Closed siegel closed 3 months ago

siegel commented 3 months ago

Version info from pcre2.h:

/* The current PCRE version information. */

#define PCRE2_MAJOR           10
#define PCRE2_MINOR           45
#define PCRE2_PRERELEASE      -DEV
#define PCRE2_DATE            2024-06-09

Platform: macOS (Darwin), 14.6, arm64. (The OS version is inconsequential; I've not yet tested on Intel but it was happening there too, as of a long time ago.)

At runtime, I programmatically generate this pattern:

(?(?=\C|\z)(?=\C|\z)(?=\C|\z)|(?P<comment>#.*$)(?P<string>(?x:
            (?> "   (?s: \\. | [^"] )*?     (?: " | $)  )   |
            (?> '   (?s: \\. | [^'] )*?     (?: ' | $)  )   |
            (?> `   (?s: \\. | [^`] )*?     (?: ` | $)  )
        ))(?P<number>^\.PHONY:[^\\\r]*(\\\r[^\\\r]*)*))(?x:
            (?P>comment)    |
            (?P>number) |
            (?P>string)
        )

The code which does this is fairly intertwined, but what gets run looks like this (NB: I am using pcre2_16):

    pcre2_compile_context
                        *compileContext = NULL;
    pcre2_code          *pcre = NULL;

    compileContext = pcre2_compile_context_create(NULL);
    verify_noerr(pcre2_set_compile_extra_options(compileContext, PCRE2_EXTRA_ESCAPED_CR_IS_LF));

    pcre = pcre2_compile(pattern, patternLength, options, &errornum, &erroroffset, compileContext);
    if (NULL != pcre)
    {
        int jitError = 0;

        jitError = pcre2_jit_compile(pcre, PCRE2_JIT_COMPLETE);
    }

At the time this runs, options may vary, but in this case its value is 0xc00a0404. Notably, this includes PCRE2_AUTO_CALLOUT.

When compiling the generated pattern above, the call to pcre2_jit_compile returns PCRE2_ERROR_NOMEMORY (-48). This isn't a new issue, and most of the time life goes on just fine without JIT. But it's been bothering me that I can't JIT these patterns, so I started to debug it.

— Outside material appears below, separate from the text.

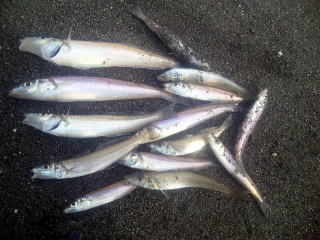 ■今日はチョイ投げ有利 ●12時迄 柳島〜西浜の様子をみましたが、ベタ凪の様に見えても中層の潮はかなり速く沖へ流れていました。沖にはフグが大変多く6色辺りでものんびりサビいていると針がみんな無くなってしまう程でした。遠投でフグが多い日はチョイ投げしかないような気がします。それも波口狙い。それでもフグが多い日はあきらめた方が良いようです。 ●一時放送塔下でイワシの投げサビキをしていた人達が大騒ぎをしていました。 よくよく見ると大量なイワシの群れが何物かに追われ浜に打ち上がった模様で、海に入って岸へ放り上げる人、それを拾う人…まるでどこかの国の漁法のようでした。 ●4色から手前をじっくり探って〜17.5センチが2匹あがりましたが、潮流がどんどん悪化してしまい終了しました。【2/23+pin0/22...=2/45】 |
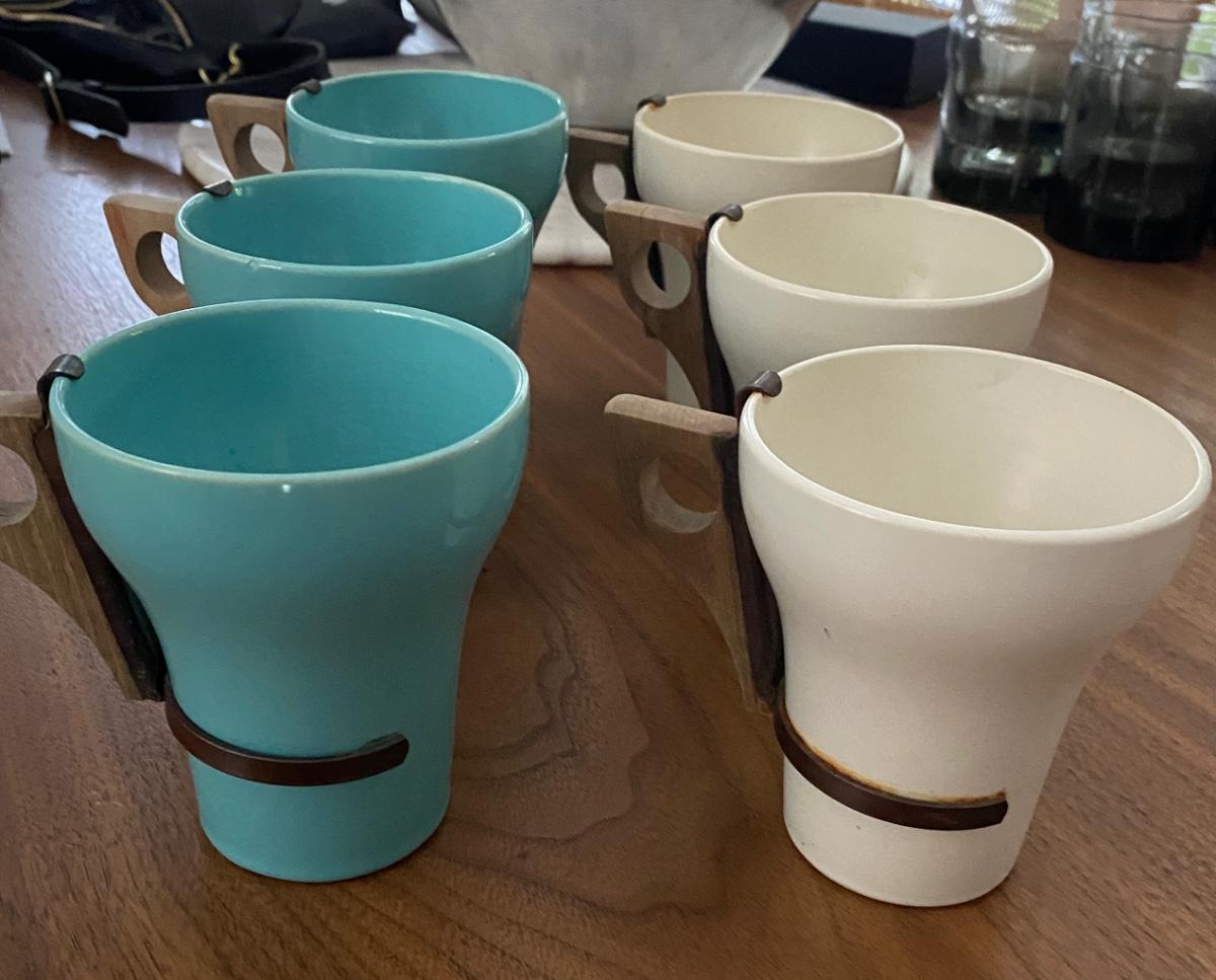 Mugs are ceramic with cooper and wood handles. 3 cream/3 blue

To make a very long story short, I found that on line 14283 in pcre2_jit_compile.c it returns PCRE2_ERROR_NOMEMORY if check_opcode_types() returns FALSE:

if (!check_opcode_types(common, common->start, ccend))
  {
  SLJIT_FREE(common->optimized_cbracket, allocator_data);
  return PCRE2_ERROR_NOMEMORY;
  }

So I set breakpoints in the places in that function where there's a return FALSE;. And this one fires, on line 1167:

    case OP_COND:
    case OP_SCOND:
    /* Only AUTO_CALLOUT can insert this opcode. We do
       not intend to support this case. */
    if (cc[1 + LINK_SIZE] == OP_CALLOUT || cc[1 + LINK_SIZE] == OP_CALLOUT_STR)
      return FALSE;
    cc += 1 + LINK_SIZE;
    break;

My pattern is indeed compiled with PCRE2_AUTO_CALLOUT, so the callout opcodes will be in the compiled pattern.

This strikes me as odd, because pcre2_jit_compile() does support ordinary callouts:

    case OP_CALLOUT:
    case OP_CALLOUT_STR:
    if (common->capture_last_ptr == 0)
      {
      common->capture_last_ptr = common->ovector_start;
      common->ovector_start += sizeof(sljit_sw);
      }
    cc += (*cc == OP_CALLOUT) ? PRIV(OP_lengths)[OP_CALLOUT] : GET(cc, 1 + 2*LINK_SIZE);
    break;

Would it be possible to relax the restriction, so that pcre2_jit_compile() allows auto-callouts?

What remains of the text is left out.